Great alternative to banana bread or cake with breakfast or coffee.
9 oz. (250g) zucchini (courgette)
¾ cup (185g) coconut sugar
½ cup (120ml) olive oil
1 tsp. vanilla extract
1 ½ cups (190g) all purpose flour
2 tsp. baking powder
2 tsp. ground cinnamon
½ tsp. salt
¼ tsp. baking soda
WHAT YOU NEED TO DO:
1. Preheat the oven to 350°F (180°C). Line a loaf tin with baking paper.
2. Grate the zucchini, using the large holes of the grater, then set aside.
3. In a large bowl, combine the sugar, oil, eggs, and vanilla extract. Beat vigorously with a whisk until creamy. Now stir in the grated zucchini.
4. In a medium bowl, stir together the flour, baking powder, cinnamon, salt and baking soda. Add the flour mixture to the zucchini and stir until combined.
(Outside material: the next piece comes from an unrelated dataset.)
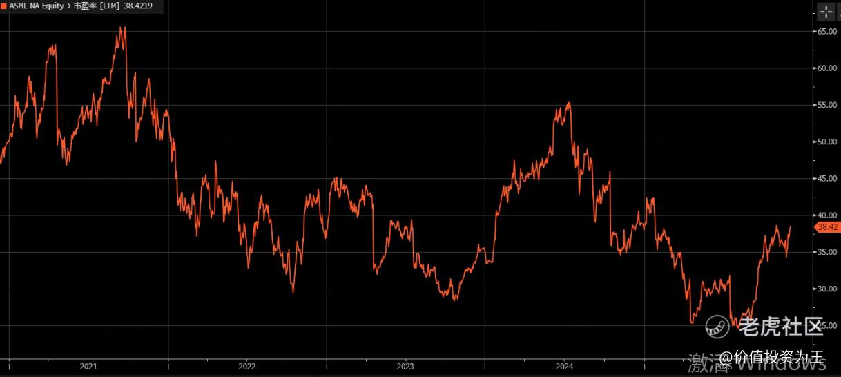 由于之前半导体设备公司股价表现疲软,因此估值都处于低位,像阿斯麦,即使股价历史新高,当前市盈率也不过38倍,处于近年来的低位:

Transfer the batter into the loaf tin.
5. Place the tin in the oven and bake for 35-40 minutes until the bread is firm and a toothpick inserted in the middle comes out clean.
6. Set the tin aside to cool for 10 minutes then remove the loaf from the tin onto a wire cooling rack and cool completely before slicing and serving.